Y sin embargo (y a pesar de tratarse de actores franceses en una película francesa, actores para los que, confieso, yo carezco de la sensibilidad suficiente como para comprender su modo de actuar incluso a un nivel primario, de forma que a veces me encuentro perdido ante sus gestos, sus palabras o sus reacciones, debido, sencillamente, a una carencia por mi parte de suficiente contacto con los franceses y con lo francés motivada por el excesivo consumo de los productos audiovisuales norteamericanos) Pequeñas mentiras sin importancia va logrando sus objetivos poco a poco, escena de grupo a escena de grupo. Porque a medida que vamos entendiendo la naturaleza de lo que se nos quiere contar, según vamos captando que nos encontramos ante unas personas inteligentes, sí, brillantes incluso, pero verdaderos analfabetos emocionales incapaces de comprenderse los unos a los otros y de entender lo que es realmente la amistad, nos damos cuenta de que la historia nos interesa y nos conmueve. A todo ello ayuda, por ejemplo, la incuestionable química que existe entre todos los personajes (y que se explica por el hecho de que se buscó intencionadamente juntar un grupo de actores que fueran amigos en la vida real).
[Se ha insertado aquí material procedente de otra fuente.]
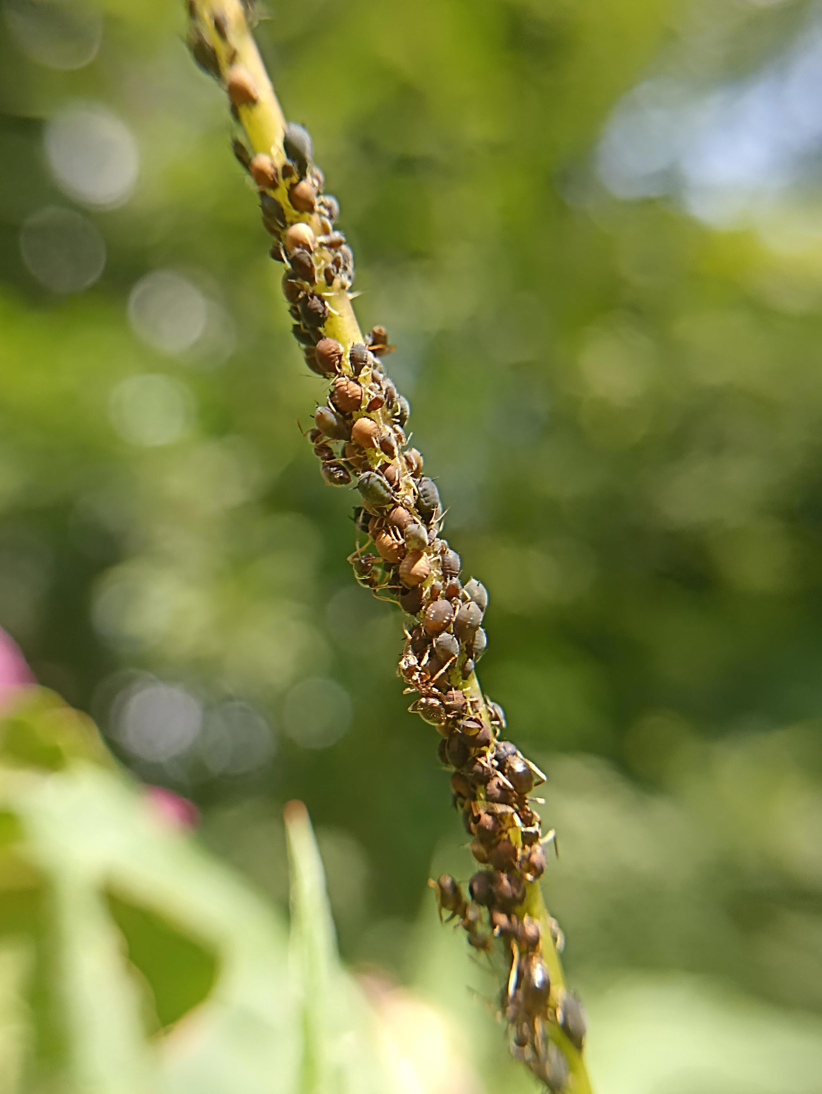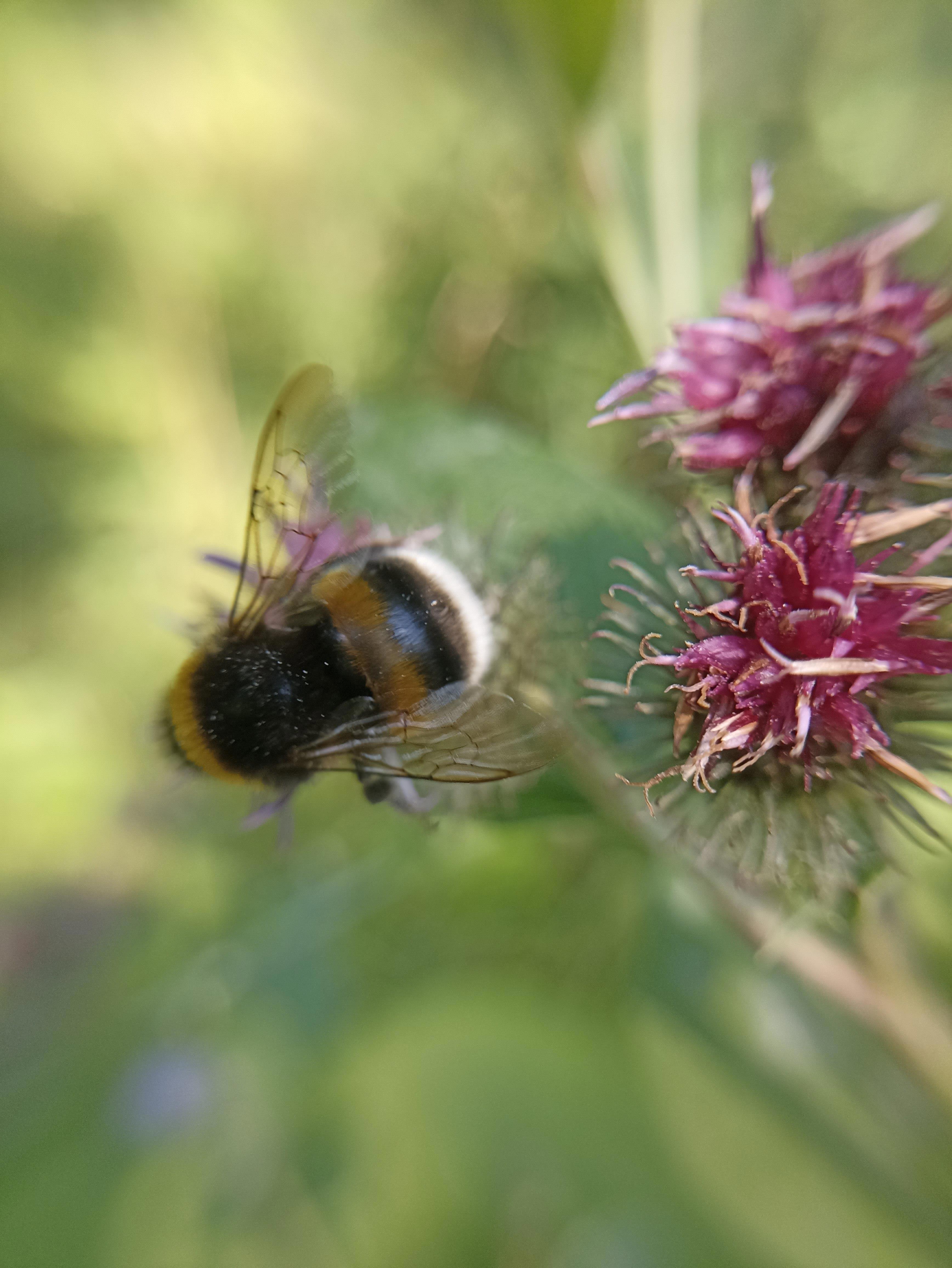 ) я ещё в прошлом году приобрела макролинзу на телефон. Ну и благодаря макролинзе мне удалось заснять сначала журчалок, потом личинок божьих коровок, теперь я переключилась на шмелей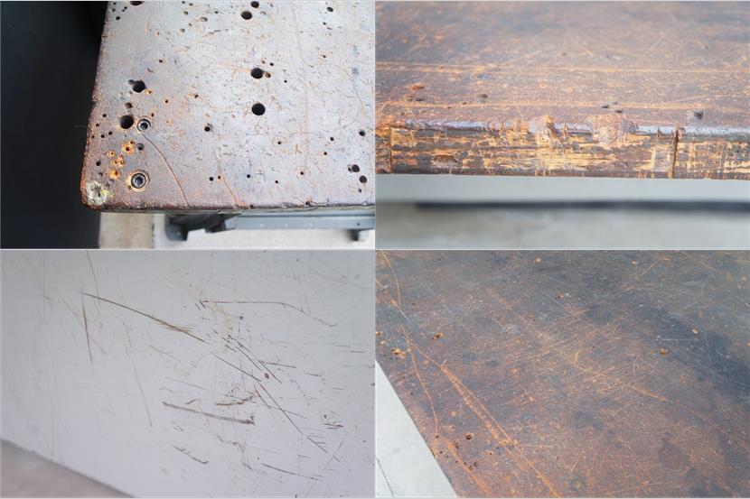 傷、汚れ、変色、錆、亀裂、反り、鉄脚の歪み等

Por eso, en el momento en que se nos muestra cuál es el verdadero papel del íntegro Jean-Louis, la razón por la que está en la película un personaje cuyas motivaciones para con el resto del grupo no habían quedado demasiado claras más allá de ofrecer la posibilidad de mostrar planos del magnífico entorno de la bahía de Arcachon, su emocionante (y al mismo tiempo violento y desgarrador) discurso en el que se pone de manifiesto la pobre naturaleza del afecto que cada uno de estos personajes dicen sentir por los demás (y que seguro que sienten sin darse cuenta de la profundidad de su falla), el espectador obtiene el rédito que se merece y decide adquirir el pack del que hablábamos al principio, dándose cuenta al mismo tiempo de que detrás de Pequeñas mentiras sin importancia hay una gran verdad.